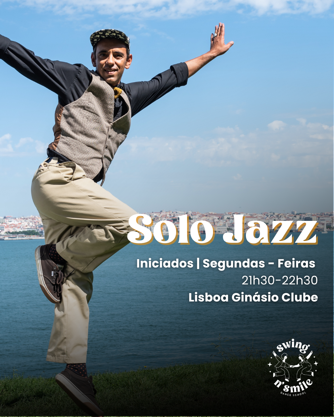 💃 Solo Jazz (a solo) – não precisas de parceiro! Aqui vais explorar os movimentos do Jazz Vernacular, cheio de ritmo, energia e improvisação, sempre ao som de música Swing.
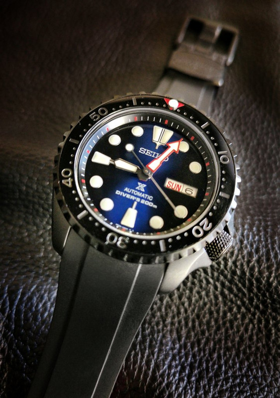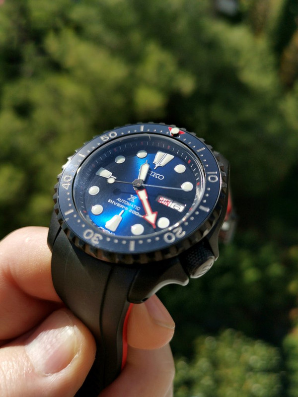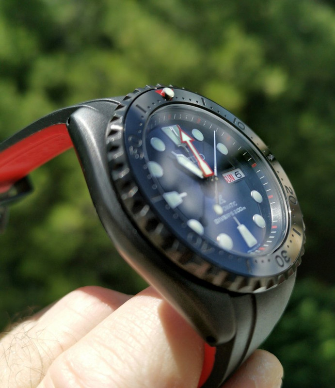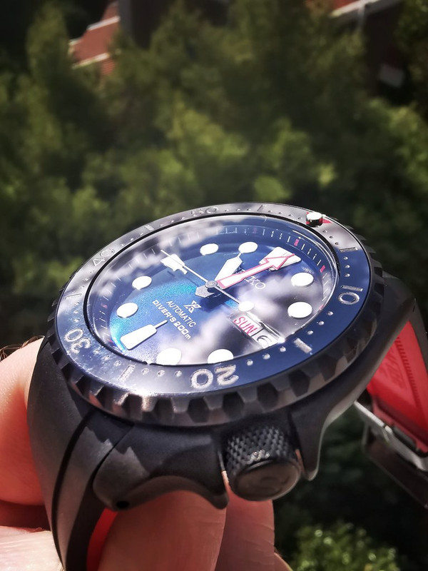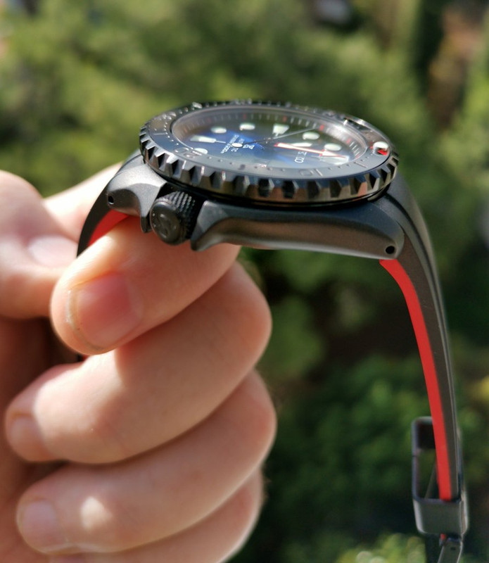 Δοκιμάσαμε και πολλά ένθετα στεφάνης (bezel inserts) όπου κατέληξα σ' αυτό (κεραμικό μαύρο τύπου stealth με κόκκινο τρίγωνο και lume peep στο 12). Επίσης αλλάξαμε την κορώνα, με την αγαπημένη μου τύπου knurled "ρικνωμένη")
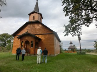 Die ehemals prachtvolle römisch-katholische Holzkirche konnte dank der Initiative einer Polin von der TU Danzig - und mit EU Fördermitteln - wieder zur Zierde des Dorfes werden, nachdem sie zuvor jahrelang einen solch traurigen Anblick geboten hatte.
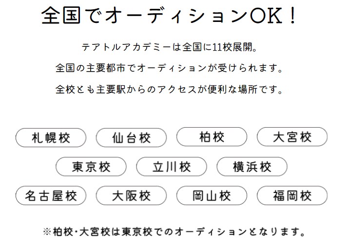全ての日本国内でテアトルアカデミーの子役オーディションは受ける事が可能です。
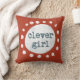 Ein fett roter Hintergrund zeigt die Phrase "cleveres Mädchen" in der Mitte, umgeben von einem Ring von weißen Punkten, umgeben von einem größeren weißen oval. Das spielerische und vereinfachende Design betont die zentrale Botschaft.
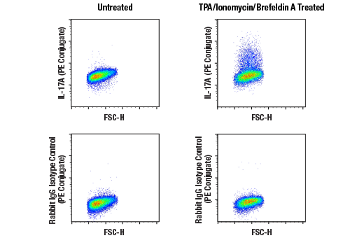 This Cell Signaling Technology antibody is conjugated to phycoerythrin (PE) and tested in-house for direct flow cytometry analysis in mouse cells. This antibody is expected to exhibit the same species cross-reactivity as the unconjugated IL-17A (D1X7L) Rabbit mAb #13838.
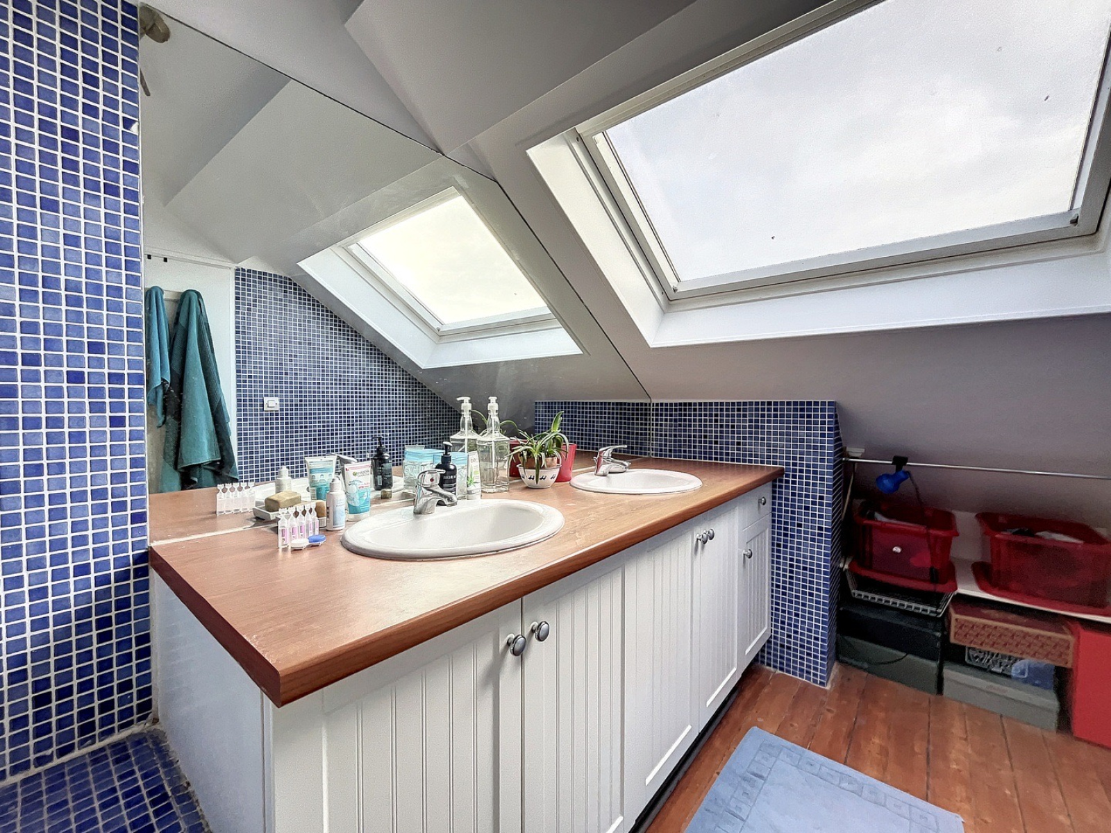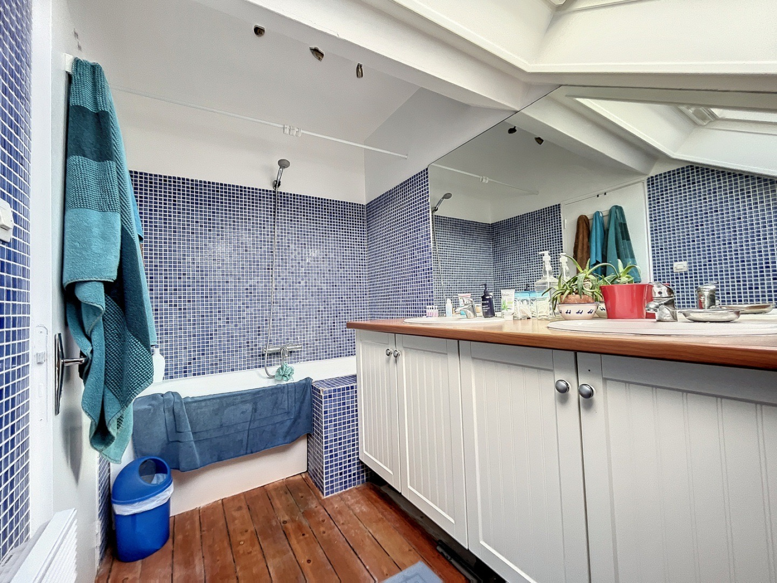À l'étage supérieur vous trouverez une chambre en mezzanine de plus de 14m2, une salle de bains avec double vasque ainsi que des WC séparés.
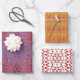 Sheet wrapping paper with a trio of designs, great for wrapping, creating book covers, or lining shelves and drawers, colours are a mix of plum, pink, and mustard gold background colours can be changed to any colour of your choice.
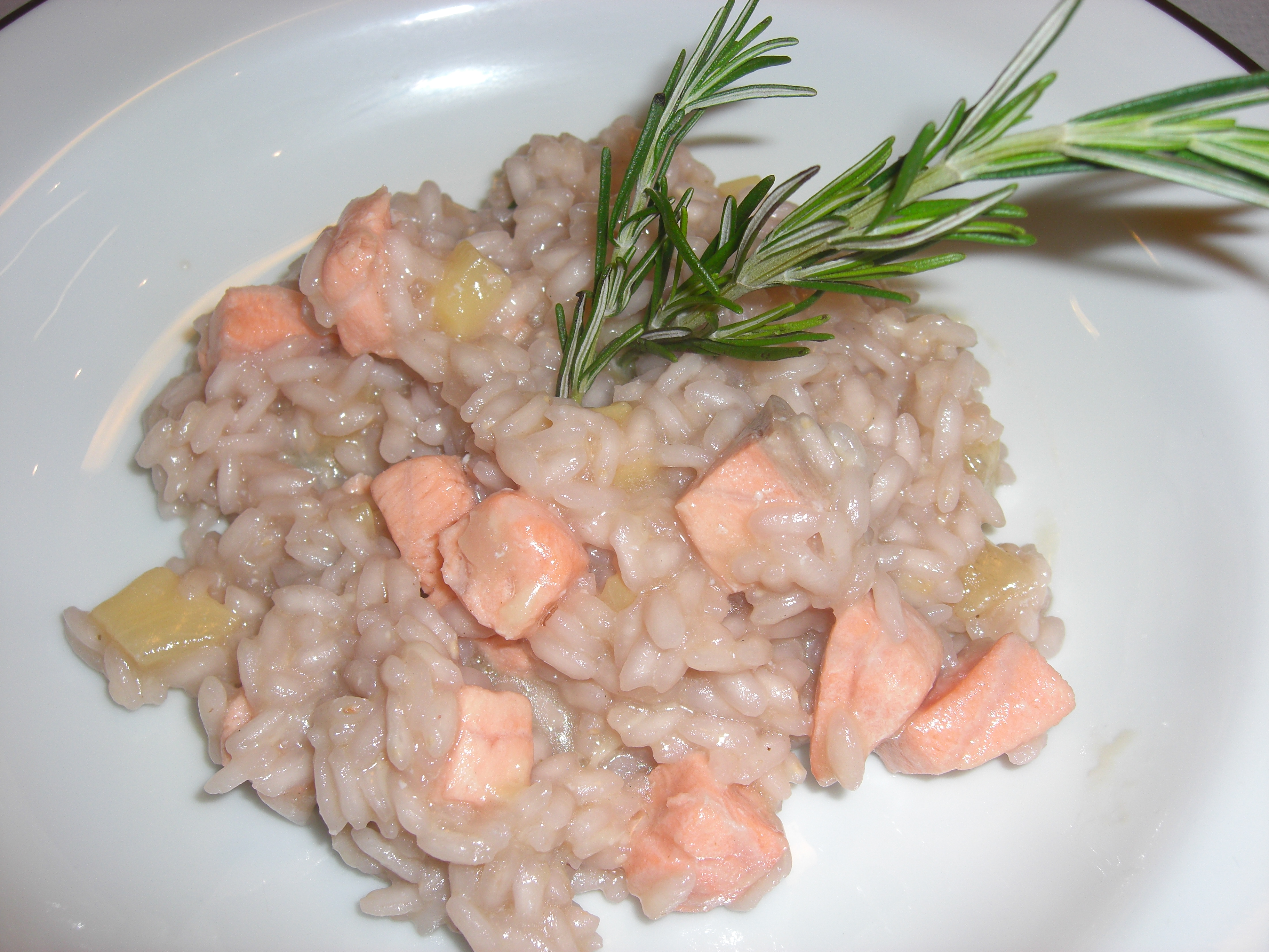 Fiz esse risoto de salmão fresco com fundo de alcachofra, dois ingredientes que aprecio muito e o resultado foi melhor do que eu esperava.
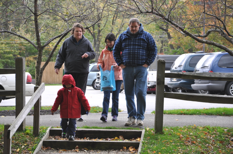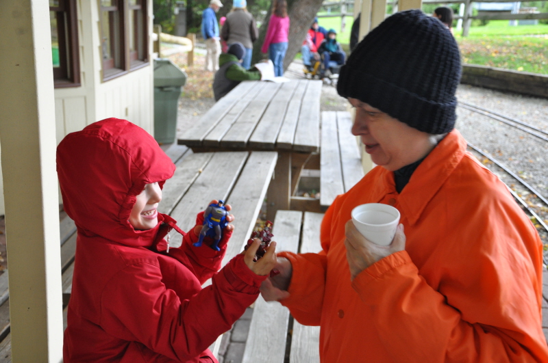 Ethan Deptowicz with Colleen Roberts, Amy and John Deptowicz as they arrive for the Hobo Stew dinner. Ethan and Judy Oscker share a moment as Ethan explains his action figures. |
-- -- --
**HOW TO COMPLETE THIS TASK:** What's needed is an exact copy of the lines above from the one with "Δοκιμάσαμε και πολλά" through the one with "À l'étage supérieur", both included; the pictures stay out.

**YOUR RESPONSE:**
 Δοκιμάσαμε και πολλά ένθετα στεφάνης (bezel inserts) όπου κατέληξα σ' αυτό (κεραμικό μαύρο τύπου stealth με κόκκινο τρίγωνο και lume peep στο 12). Επίσης αλλάξαμε την κορώνα, με την αγαπημένη μου τύπου knurled "ρικνωμένη")
 Die ehemals prachtvolle römisch-katholische Holzkirche konnte dank der Initiative einer Polin von der TU Danzig - und mit EU Fördermitteln - wieder zur Zierde des Dorfes werden, nachdem sie zuvor jahrelang einen solch traurigen Anblick geboten hatte.
全ての日本国内でテアトルアカデミーの子役オーディションは受ける事が可能です。
 Ein fett roter Hintergrund zeigt die Phrase "cleveres Mädchen" in der Mitte, umgeben von einem Ring von weißen Punkten, umgeben von einem größeren weißen oval. Das spielerische und vereinfachende Design betont die zentrale Botschaft.
 This Cell Signaling Technology antibody is conjugated to phycoerythrin (PE) and tested in-house for direct flow cytometry analysis in mouse cells. This antibody is expected to exhibit the same species cross-reactivity as the unconjugated IL-17A (D1X7L) Rabbit mAb #13838.
À l'étage supérieur vous trouverez une chambre en mezzanine de plus de 14m2, une salle de bains avec double vasque ainsi que des WC séparés.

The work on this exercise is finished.